There might be someone out there wired like I use to be!


----------



## Entropy3000 (May 11, 2011)

This is more than an EA. It is cybersex. That is flat out cheating.

This is just what you know. 

Inappropriate -- Being in contact with this guy at all and flirting

Unfaithful -- The flirting, lying and hiding. She is having a relationship with another man

Cheating -- The cycbersex. The pictures.

For me? Total dealbreaker. YMMV.

So no this is not just an EA.


----------



## PHTlump (Jun 2, 2010)

SkidSteer said:


> Is this an online emotional affair. I'm thinking that if she could see this from some other perspectives she'd be more willing to up her side of the repair effort.


Yes. It's an EA. A frequently cited statistic on this board is that affairs take 2-5 years to move past. You're still in the early days of recovery. It's natural to have times where you're obsessing about this.

What your wife needs to do is offer transparency. She should give you all of her email/Facebook passwords and have no problems with you checking her phone and phone records. That will help you recover.

As for whether you will hold on to this forever, in some sense, you will, yes. I'm not saying that in 10 years you'll be obsessed about this other man. I'm saying that this is your red pill moment in regards to your wife. You see her for what she is, not what you thought she was. And you can't go back to your ignorance.

Many men believe that, if George Clooney offered $1 million to sleep with their wives, their wives would turn him down. Because our wives are loyal and crazy in love with us to the exclusion of all others. Some men understand that our wives would be on Clooney in two shakes for free. That's not because our wives are skanks. It's because they're typical women. Women have innate faults and are susceptible to infidelity. Men are too, but we're talking about women here.

So, I suggest you stop talking about the other man while you're having sex and start talking about him outside the bedroom to help you recover.

Good luck.


----------



## aug (Aug 21, 2011)

PHTlump said:


> Many men believe that, if George Clooney offered $1 million to sleep with their wives, their wives would turn him down. Because our wives are loyal and crazy in love with us to the exclusion of all others. Some men understand that our wives would be on Clooney in two shakes for free. *That's not because our wives are skanks.* It's because they're typical women. Women have innate faults and are susceptible to infidelity. Men are too, but we're talking about women here.



Well, uhmmm... No. If they did that, they are skanks. But their husbands would be $1M richer and can afford to move on and find another skank to marry or just be FWB.


----------



## 2nd_t!me iz_best (Feb 28, 2011)

Complexity said:


> I was going along with the story till I read this stuff
> 
> 
> C'mon


i basically did the same. :/


----------



## CleanJerkSnatch (Jul 18, 2012)

Complexity said:


> I was going along with the story till I read this stuff
> 
> 
> C'mon


I had the same feeling, I usually don't bother posting though but you probably hit it head on.

Edit:

I'll give you my .02 anyway.

Kick this EA of hers down to the ground.
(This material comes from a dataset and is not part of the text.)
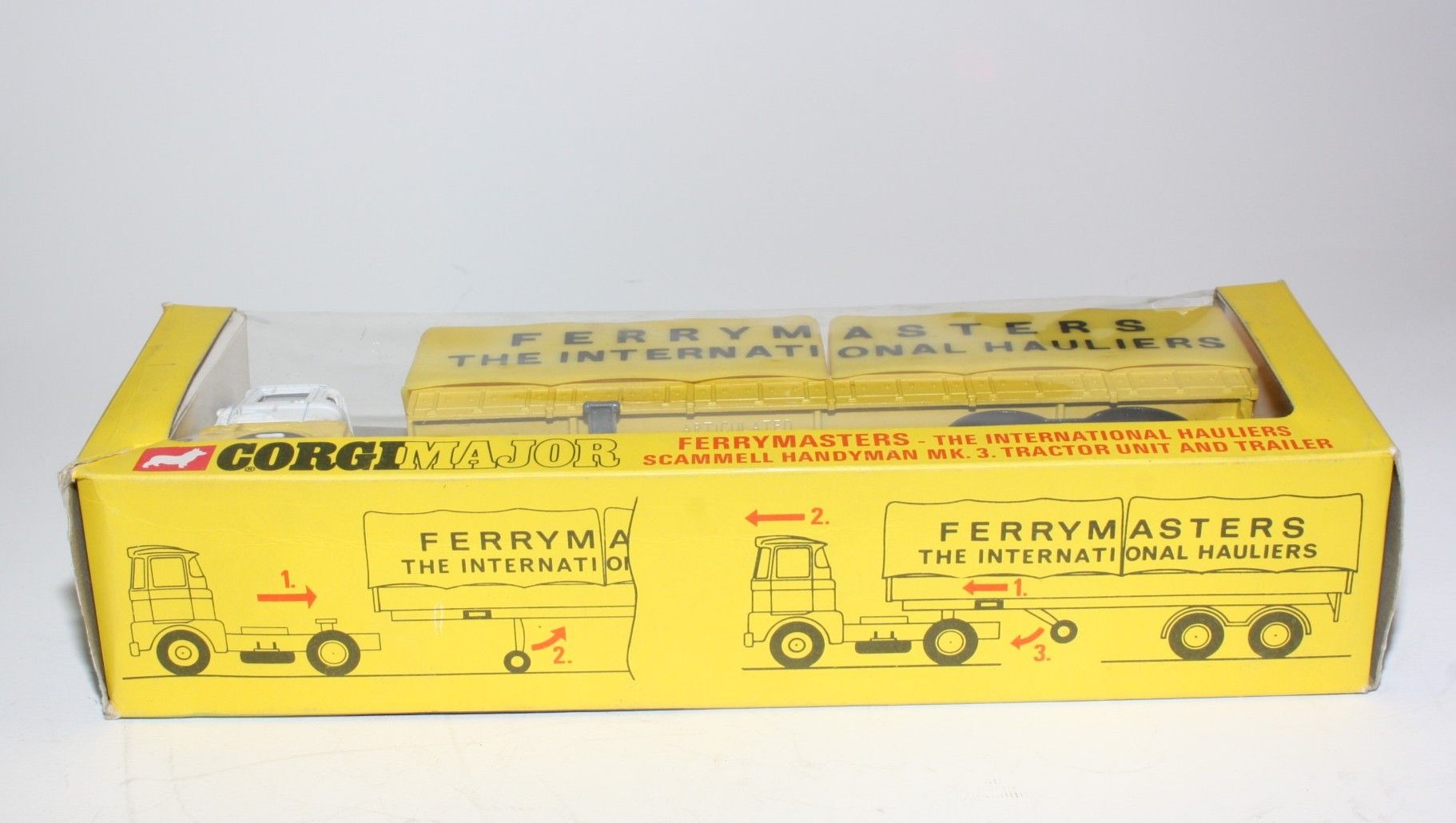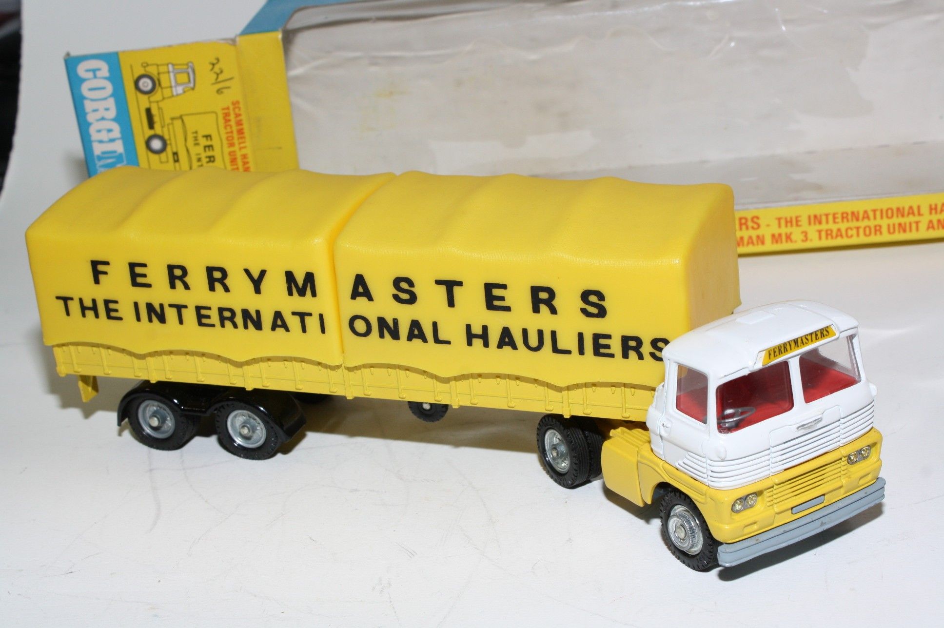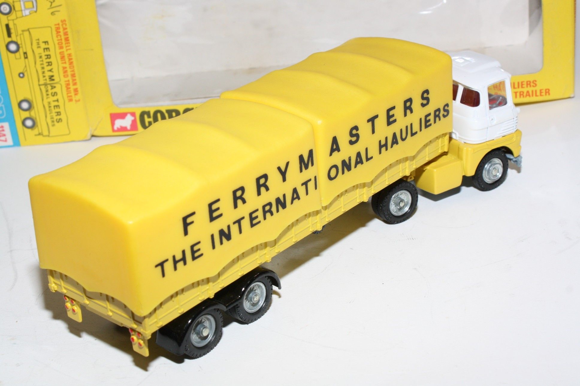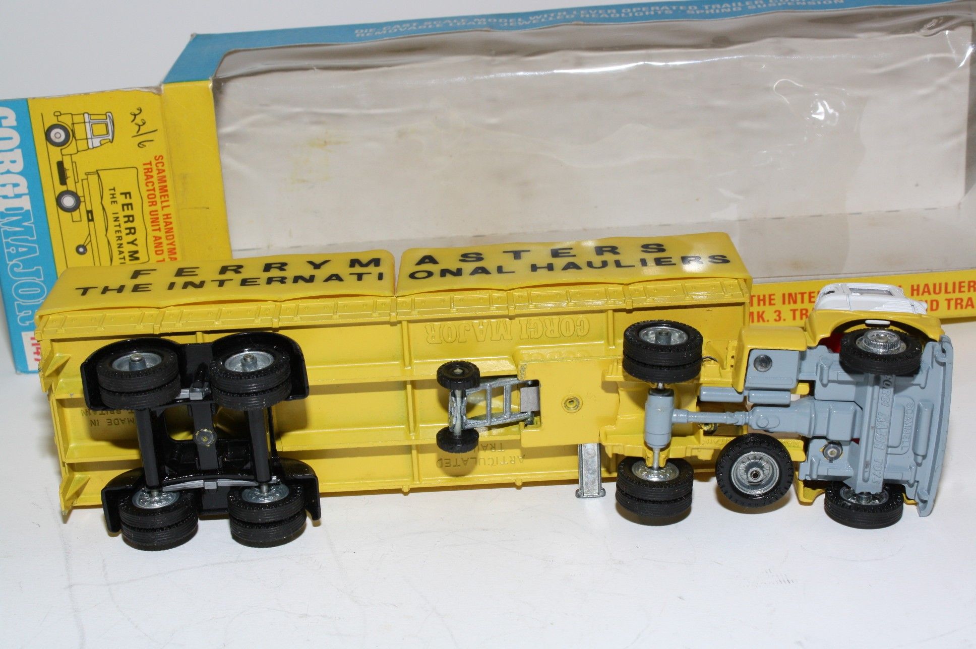A superb example of this Corgi Commercial. Gleaming original white and yellow paintwork is mint, (small factory paint fault ro rear of cab) please study the photos for exact condition . All original tyres on bright cast hubs, interior and crystal clear windows. Perfect coupling, jewelled headlights, excellent plastic tilts. Underside is mint.

First things first if you want this to work, you need to realize that this is an addiction, dopamine, making her feel good, naughty, its exciting and she is definitely interested in this OM and all the fantasy involved in this EA. You need to confront and not tolerate any gaslighting whatsover. You will not tolerate her behavior and she must, with your assistance and surveilance, stop AAAAALLLL CONTACT of any sort (smoke signals, morse code etc) with the OM. Then you need to start taking investigative measures to be sure she hasn't relapsed and contacted the OM. This is an addiction and you need to keep her out and away from any ocassion where she may have a relapse. If she has a phone and your provider allows to block phone do so. If you have a desktop/comp at home, install a keylogger so you can get FB password, email passwords etc THEN block FB by editing the windows HOST file, google it if you don't know how. If you think this is too much, than maybe you're not really serious about your marriage. Its a serious war, and if you think it is not then that is why you are being cheated on because you are never serious, never act on what you say, and always allow yourself to be gaslighted, pawned, stomped on, given the mushroom treatment. If she becomes angry then give her the 180 while still enforcing this NO CONTACT activity and definitely NO girl nights out at all. The use of all of this is to get her out of the fog and make her realize the wrong she has done. Sending pics? I don't care if she was wearing lingerie or a fully clothed typical bathroom pic at work, thats intolerable.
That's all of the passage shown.